An exact restatement of all the data is required, with the pictures left out.

INFORMATION PROVIDED
>>>

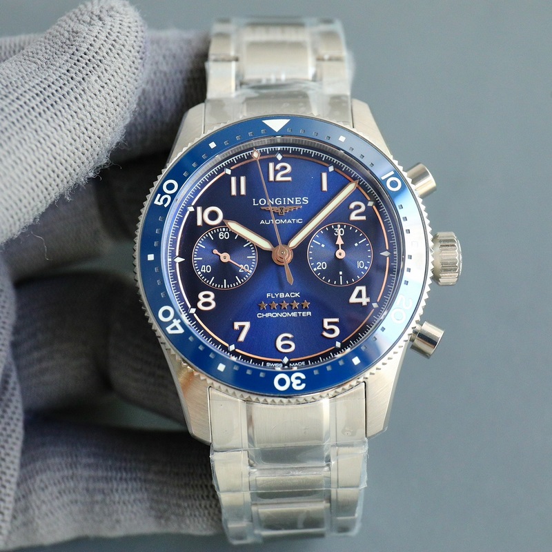 2 A számlap fekete és kék színű, 3 másodperces, számlappal. 9 órakor tárcsázni, középen egy nagy kronográf másodpercmutató. A “FIyback” flyback funkció 6 órakor van jelölve a számlapon, ami egy nagyon kényelmes kronográf.
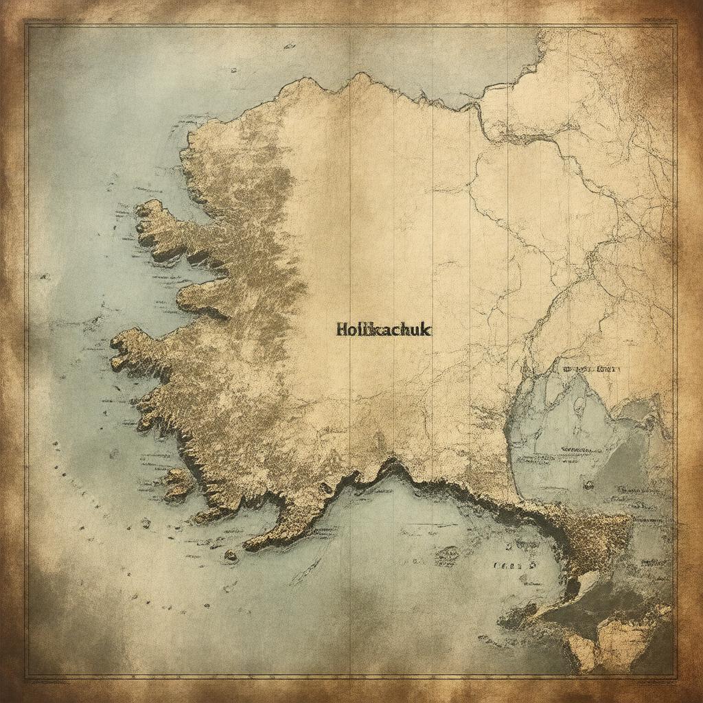 Generate an image of a vintage, worn-out linguistic map or a documentation page featuring the Holikachuk language, incorporating the Latin script, with a faded background of Alaskan landscape, symbolizing the extinction of the language, last spoken by the Holikachuk people in Alaska, with a subtle note or inscription mentioning "Innoko" as an alternative name, and a mention of Wilson Deacon, the last native speaker.
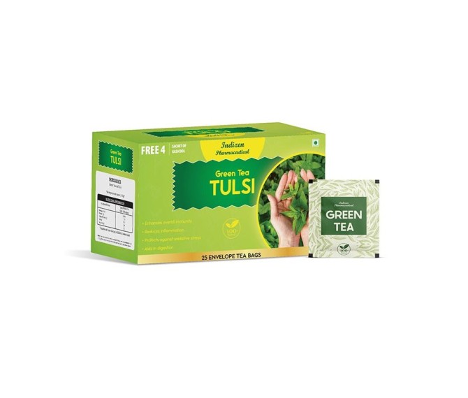 Composition : Green Tea + Tulsi Packing : 25 BAGS Type : 25*1.3G Detail:-Discover the natural goodness of Green Tea Tulsi by Indizen Pharma — a soothing blend of antioxidant‑rich green tea and herbal tulsi, designed to support immunity, aid digestion, reduce stress and promote overall wellness.

<<<

WORKED SOLUTION
 2 A számlap fekete és kék színű, 3 másodperces, számlappal. 9 órakor tárcsázni, középen egy nagy kronográf másodpercmutató. A “FIyback” flyback funkció 6 órakor van jelölve a számlapon, ami egy nagyon kényelmes kronográf.
 Generate an image of a vintage, worn-out linguistic map or a documentation page featuring the Holikachuk language, incorporating the Latin script, with a faded background of Alaskan landscape, symbolizing the extinction of the language, last spoken by the Holikachuk people in Alaska, with a subtle note or inscription mentioning "Innoko" as an alternative name, and a mention of Wilson Deacon, the last native speaker.
 Composition : Green Tea + Tulsi Packing : 25 BAGS Type : 25*1.3G Detail:-Discover the natural goodness of Green Tea Tulsi by Indizen Pharma — a soothing blend of antioxidant‑rich green tea and herbal tulsi, designed to support immunity, aid digestion, reduce stress and promote overall wellness.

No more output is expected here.